Clients wished to turn the upper floors of this building (just above the family business), till that moment disused, into their private home, with a couple of bedrooms, a studio, and a kitchen/dining room supposed to become the heart of the new house.
It is a long and narrow plot at the town centre, with a 4-metre-width between party walls, in which the existing building already took up the whole surface. The family business, a butcher's shop, must be crossed to get the house, although the first proposal tried to resolve the access from one of the neighbours' buildings. The gabled roof was the only element linking the main volume of the former dwelling and the spaces located on the rear façade, letting between them and inner courtyard, covered but not closed. This way, the original building could be seen from outside as a very compact volume despite having a very fragmented structure.
The project has attempted to take advantage of the great possibilities of the longitudinal section, articulating massifs and voids, staying spaces and circulations and provoking new sightlines, non-existent formerly.
Physically, the renovation has kept the structural wooden frame, in a good condition, expecting the rear slope of the roof, unprotected out in the open, which has been entirely replaced and modified in its geometry in order to adapt it to the functional program and the new priorities: introducing the maximum light into the inner spaces of the house. The original slab system with wooden beams has been kept, but some new elements have been introduced to be distinguished from those in existence: metallic structure painted in black for the staircase and the footbridge, a solution that, besides becoming visibly different, has helped to tighten wooden slabs themselves and to the peripheral walls. For the new part of the roof, the option has been also making different from the old: pine tree beams, cut in rectangular section, and prefab slab pieces including thermic insulation and drywall finish downwards ready to be painted, to model the new longitudinal section. An important effort has been done to take profit of the existing materials, such as the roman roof tiles, the ancient pieces of ceramic flooring (now arranged as a carpet on the dining-room), or even the ceramic supporting pieces of the removed roof slab now used as the terrace paving.

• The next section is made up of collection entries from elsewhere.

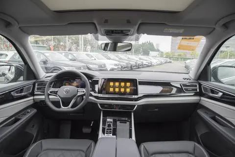 在空间方面,我们看到途昂整体采用的是家族式的设计,中控台依然为对称式T形的设计,中控台上设计有悬浮式的屏幕,尺寸达到12英寸。在互联方面,它支持Hicar、CarLife、CarPlay的手机互联,功能比较丰富。另外,它还支持OTA的远程升级功能。在车内还可以进行语音识别的控制,比较方便。途昂的方向盘采用了圆形三辐的设计方式,方向盘为真皮材质的包覆,握感比较舒适。除此之外,它还拥有全景天窗、自动三区空调、电动尾门等配置。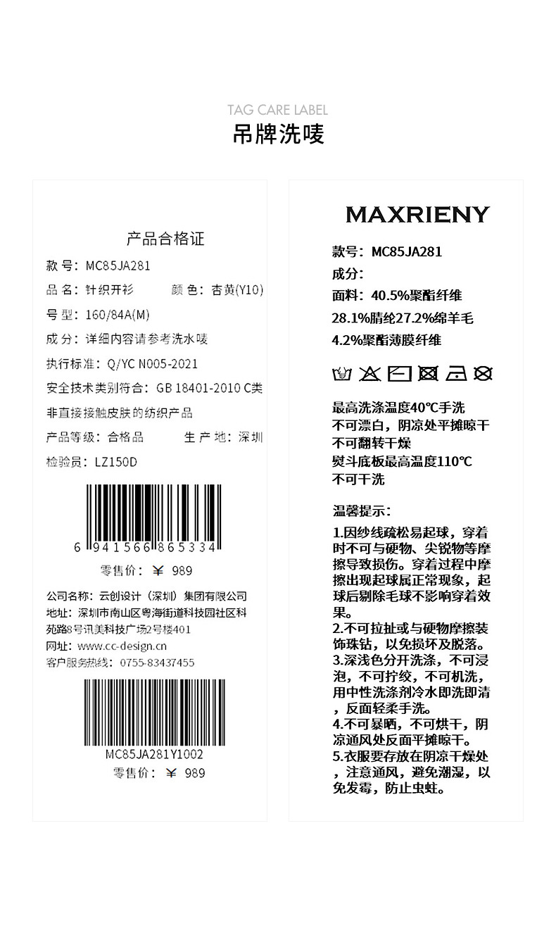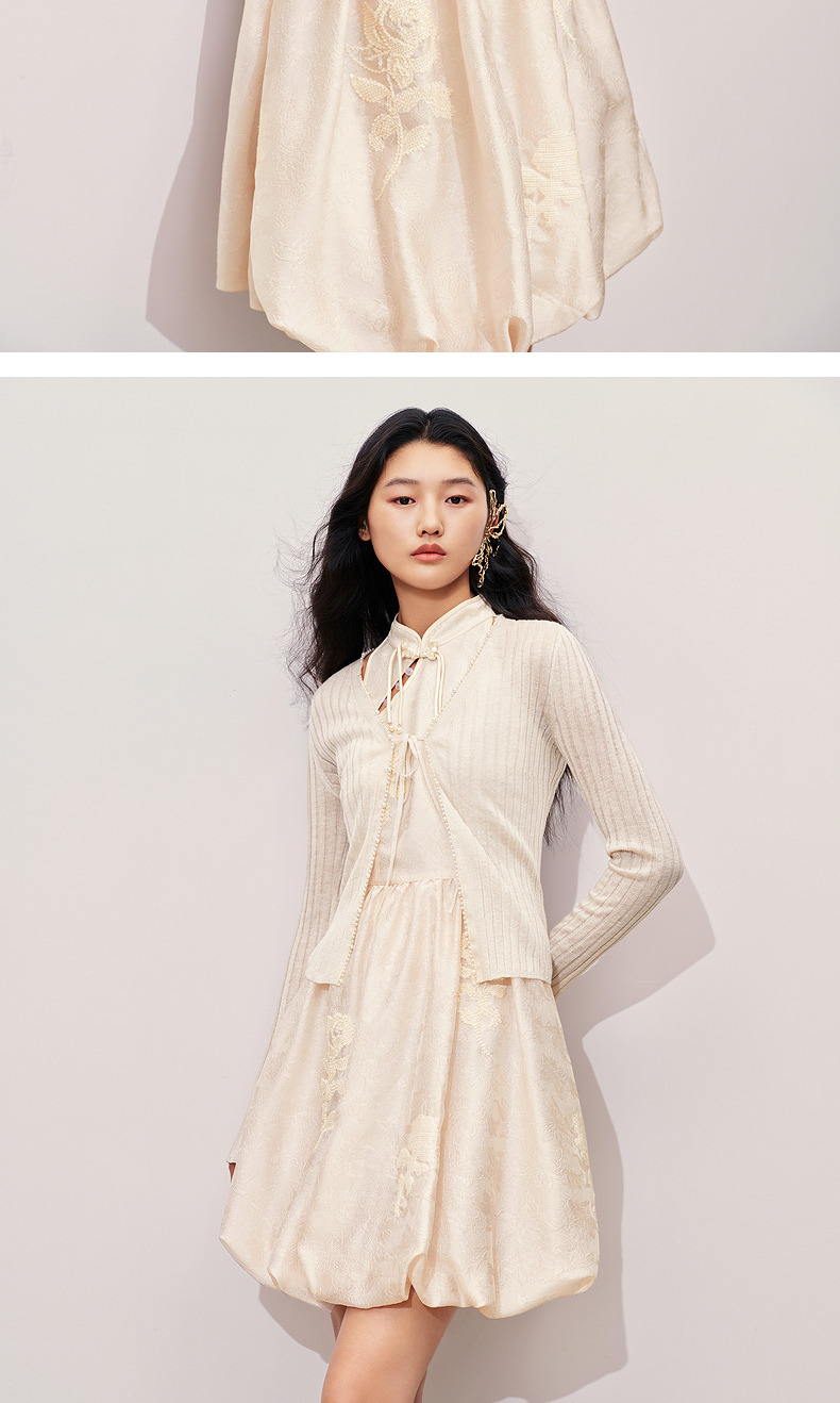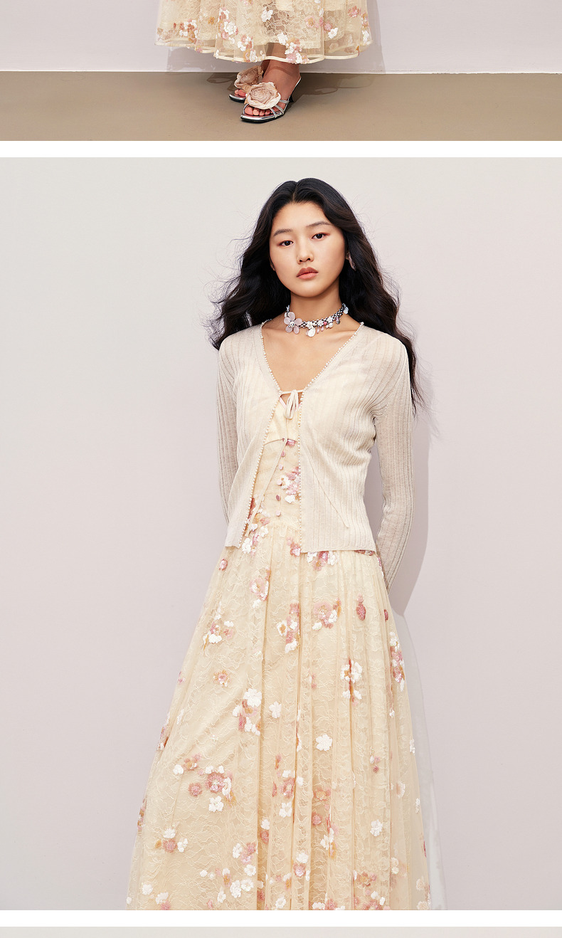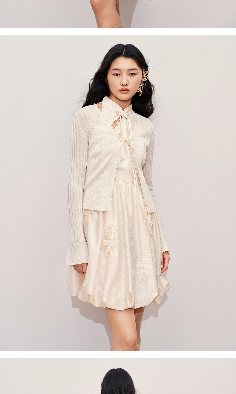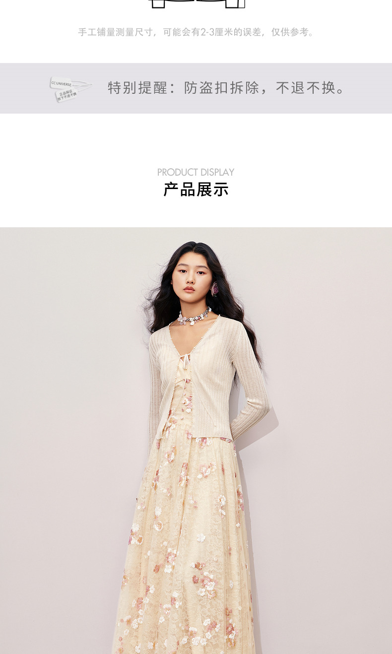 玛克门店发货:MAXRIENY钉珠装饰系带针织开衫外套2024秋冬外搭小衫(货号:MC85JA281)
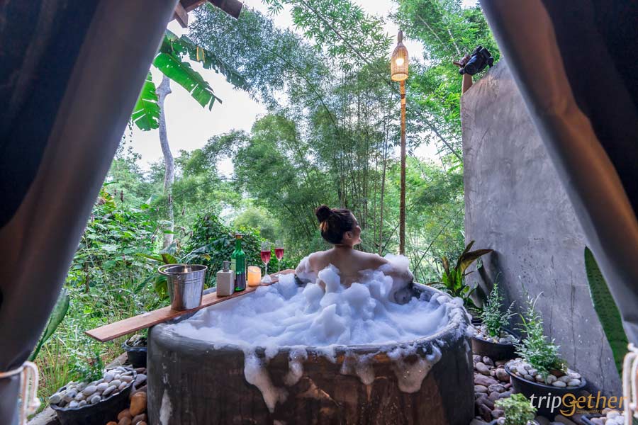 มาต่อกันที่อีกหนึ่ง ที่พักหมู่บ้านสะปัน น่าน บรรยากาศดีต่อใจ ที่ไม่ควรพลาดเป็นอย่างยิ่ง นั่นก็คือ บ่อเกลือ ริเวอร์ฮิลล์ (Boklua River Hills) ห้องพักของที่นี่มีทั้งหมด 7 หลังเท่านั้น! ซึ่งแต่ละหลังก็จะตกแต่งต่างกันออกไปไม่ซ้ำกัน ทั้งดีไซน์ห้อง ห้องน้ำ อ่างแช่น้ำ วิวของแต่ละหลังก็ให้ฟีลต่างกัน แต่รับประกันสวยปังประทับใจทุกห้อง ถ่ายรูปทำคอนเท็นต์ได้เพียบ! และมาที่นี่ห้ามพลาดสปาเท้าหินแร่ด้วยเกลือสปาภูเขากลิ่นหอม ผ่อนคลายสบายเท้าสุดๆ เลยล่ะ ในส่วนของเรื่องอาหารการกินที่บ่อเกลือ ริเวอร์ฮิลล์ จัดเต็มให้ทั้งเช้า และเย็น รสชาติอร่อย ถูกปากถูกใจแน่นอน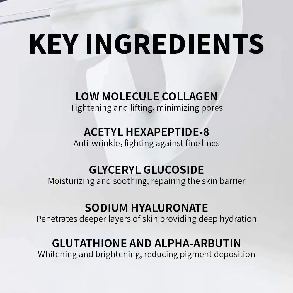 【Deep Hydration】Infused with potent collagen essence, our collagen masks penetrate deep into your skin layers, replenishing moisture and restoring elasticity. The deep collagen mask locks in hydration, leaving your skin soft, supple, and radiant.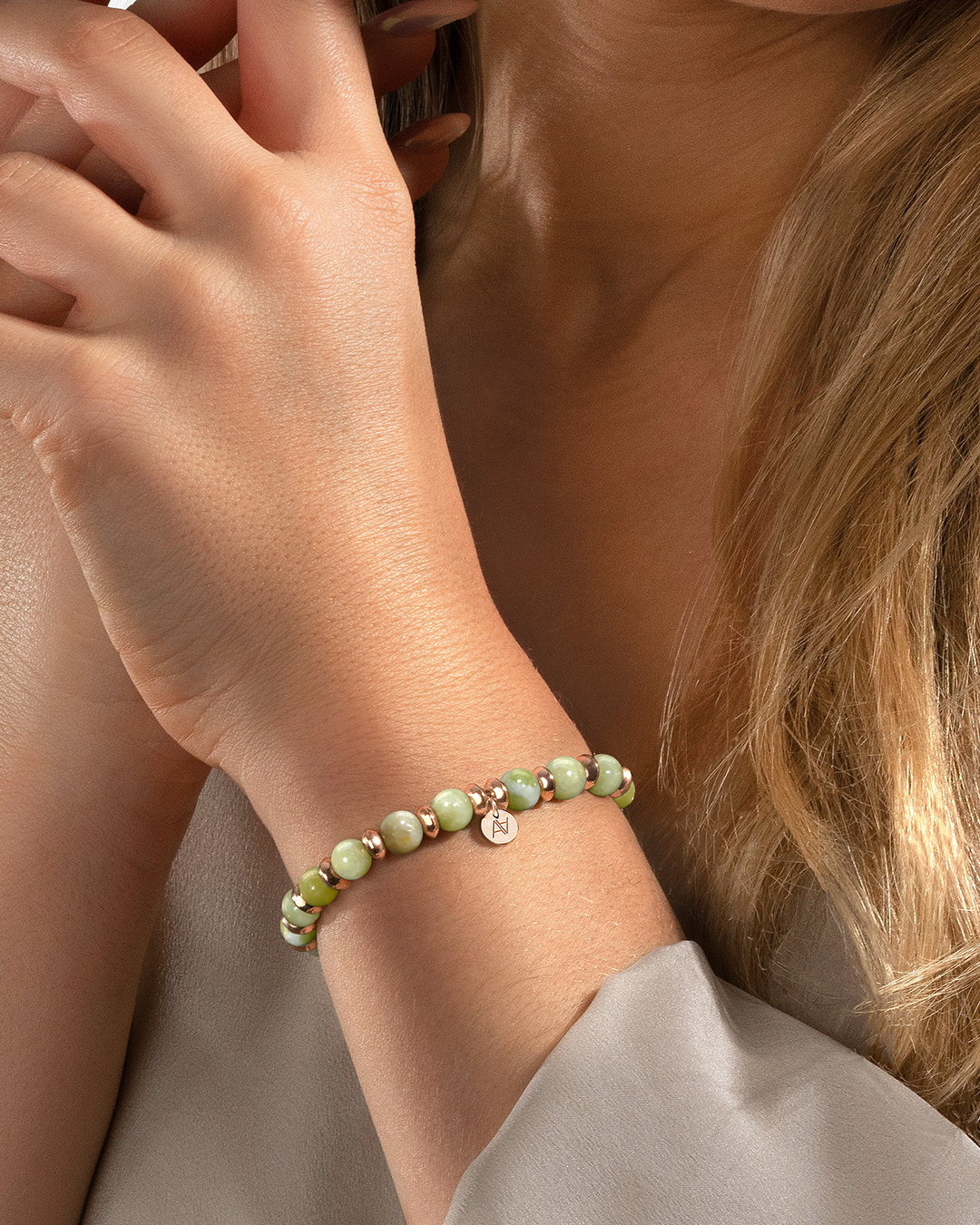 - Material des Armbandes Rosévergoldeter Edelstahl und Peridot-Jade-Stein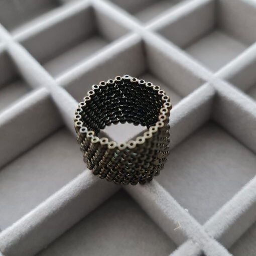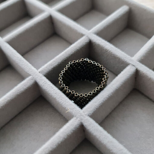 A bold and unique handcrafted bead ring designed for the wearer with a strong personality. Handcrafted from high quality bronze-grey glass beads, it offers a warm and rustic look or a bold urban edge? Its robust design gives the ring a striking and distinctive look.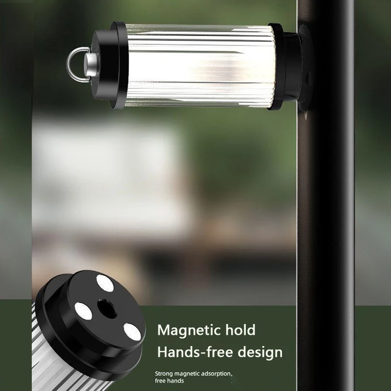 Illuminate your adventures with this camping ambient LED tent lamp, featuring three adjustable lighting modes to suit any setting. Equipped with a powerful magnetic base, it can be easily attached to metal surfaces or hung inside your tent for hands-free use. The 2000Ah capacity ensures long-lasting brightness, making it perfect for camping, hiking, fishing, or emergency situations. Compact and versatile, this lantern provides reliable lighting for both outdoor adventures and everyday use.

By retiring the partitions of the first floor and the new roof section, the house has now a main central element, a continuous space that gathers all daytime functions: living-room, kitchen and dining-room, which, situated at the ancient courtyard, grows vertical in a three-storey height to the skylight. At the second floor there are two bedrooms, facing outdoors on each façade, with the main bedroom on the rear side, pushing its volume over the dining-room, and to which it is necessary to access by crossing a footbridge. From this footbridge, or even from the bedroom, there are oblique sightlines both of the first floor and the lower side of the roof with its new wooden beams. At the third floor there is an open studio, a third bathroom and the exit to the terrace (defined as the opposite of the courtyard volume) oriented to sunlight and which permits sightseeing further than the nearest buildings. There has been also built up an attic to put up the butcher’s installations, until now located at the first floor.